Exercise brief: The answer is every line in the data below that contains the word "with".

Provided data:
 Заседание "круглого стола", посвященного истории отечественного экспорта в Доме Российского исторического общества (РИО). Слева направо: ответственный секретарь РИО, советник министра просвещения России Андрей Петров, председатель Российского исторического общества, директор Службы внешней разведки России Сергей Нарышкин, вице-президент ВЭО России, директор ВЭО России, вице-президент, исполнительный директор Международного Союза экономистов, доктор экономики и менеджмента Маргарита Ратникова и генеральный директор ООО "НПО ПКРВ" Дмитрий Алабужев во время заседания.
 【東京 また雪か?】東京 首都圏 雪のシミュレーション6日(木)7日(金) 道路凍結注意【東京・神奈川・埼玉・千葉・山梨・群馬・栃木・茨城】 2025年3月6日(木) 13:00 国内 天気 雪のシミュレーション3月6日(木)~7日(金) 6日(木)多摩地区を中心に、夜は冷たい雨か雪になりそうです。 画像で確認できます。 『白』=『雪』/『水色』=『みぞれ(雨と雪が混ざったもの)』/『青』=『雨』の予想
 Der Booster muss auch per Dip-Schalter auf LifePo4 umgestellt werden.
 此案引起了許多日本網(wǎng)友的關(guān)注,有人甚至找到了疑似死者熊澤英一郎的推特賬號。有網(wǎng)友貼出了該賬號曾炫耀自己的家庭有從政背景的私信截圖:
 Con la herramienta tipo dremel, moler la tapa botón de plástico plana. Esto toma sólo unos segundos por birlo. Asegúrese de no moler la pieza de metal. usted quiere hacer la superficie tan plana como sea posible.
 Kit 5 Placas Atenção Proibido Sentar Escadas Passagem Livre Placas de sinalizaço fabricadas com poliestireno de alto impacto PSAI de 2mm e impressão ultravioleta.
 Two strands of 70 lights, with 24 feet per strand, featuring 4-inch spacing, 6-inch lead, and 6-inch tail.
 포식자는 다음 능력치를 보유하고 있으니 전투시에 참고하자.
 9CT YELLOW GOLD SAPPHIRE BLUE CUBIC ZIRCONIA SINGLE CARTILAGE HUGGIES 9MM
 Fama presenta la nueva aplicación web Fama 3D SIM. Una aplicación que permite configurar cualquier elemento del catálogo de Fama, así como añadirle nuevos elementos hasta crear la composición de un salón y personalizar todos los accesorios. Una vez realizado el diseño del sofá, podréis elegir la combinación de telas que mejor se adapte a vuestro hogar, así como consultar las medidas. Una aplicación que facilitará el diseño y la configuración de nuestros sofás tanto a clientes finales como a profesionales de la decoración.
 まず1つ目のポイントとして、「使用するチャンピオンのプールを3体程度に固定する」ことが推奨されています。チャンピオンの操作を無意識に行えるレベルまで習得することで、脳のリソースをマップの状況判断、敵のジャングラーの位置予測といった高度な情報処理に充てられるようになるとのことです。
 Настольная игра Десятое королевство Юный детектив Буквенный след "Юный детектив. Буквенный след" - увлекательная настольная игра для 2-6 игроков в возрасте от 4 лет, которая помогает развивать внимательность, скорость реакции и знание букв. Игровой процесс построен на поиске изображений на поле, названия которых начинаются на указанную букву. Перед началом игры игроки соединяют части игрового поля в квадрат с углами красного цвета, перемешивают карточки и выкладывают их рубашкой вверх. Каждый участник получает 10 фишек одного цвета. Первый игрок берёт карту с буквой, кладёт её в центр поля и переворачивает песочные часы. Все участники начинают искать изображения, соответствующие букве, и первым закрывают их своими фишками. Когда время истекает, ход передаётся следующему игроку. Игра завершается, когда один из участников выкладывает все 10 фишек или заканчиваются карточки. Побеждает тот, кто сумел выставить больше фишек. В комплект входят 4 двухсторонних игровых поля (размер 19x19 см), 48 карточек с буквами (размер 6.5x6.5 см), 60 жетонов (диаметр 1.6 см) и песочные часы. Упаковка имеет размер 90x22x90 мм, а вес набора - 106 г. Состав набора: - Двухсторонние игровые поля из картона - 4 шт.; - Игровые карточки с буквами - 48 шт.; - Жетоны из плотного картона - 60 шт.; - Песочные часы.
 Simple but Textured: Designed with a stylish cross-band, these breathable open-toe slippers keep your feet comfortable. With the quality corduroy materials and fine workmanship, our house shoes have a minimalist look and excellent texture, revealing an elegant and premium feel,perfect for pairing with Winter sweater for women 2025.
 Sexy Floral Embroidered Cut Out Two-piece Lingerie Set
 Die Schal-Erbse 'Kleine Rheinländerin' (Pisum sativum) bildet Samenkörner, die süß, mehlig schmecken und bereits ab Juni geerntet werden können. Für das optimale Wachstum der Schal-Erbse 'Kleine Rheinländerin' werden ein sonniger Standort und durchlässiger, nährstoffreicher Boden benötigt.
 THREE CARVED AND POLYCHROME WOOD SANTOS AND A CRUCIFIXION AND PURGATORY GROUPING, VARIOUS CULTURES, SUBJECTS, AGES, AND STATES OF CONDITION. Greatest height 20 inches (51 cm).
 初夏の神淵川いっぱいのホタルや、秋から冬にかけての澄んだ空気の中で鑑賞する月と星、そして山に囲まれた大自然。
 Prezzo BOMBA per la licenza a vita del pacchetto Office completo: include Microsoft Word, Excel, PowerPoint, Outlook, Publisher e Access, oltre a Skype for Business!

Written answer:
 Two strands of 70 lights, with 24 feet per strand, featuring 4-inch spacing, 6-inch lead, and 6-inch tail.
 Simple but Textured: Designed with a stylish cross-band, these breathable open-toe slippers keep your feet comfortable. With the quality corduroy materials and fine workmanship, our house shoes have a minimalist look and excellent texture, revealing an elegant and premium feel,perfect for pairing with Winter sweater for women 2025.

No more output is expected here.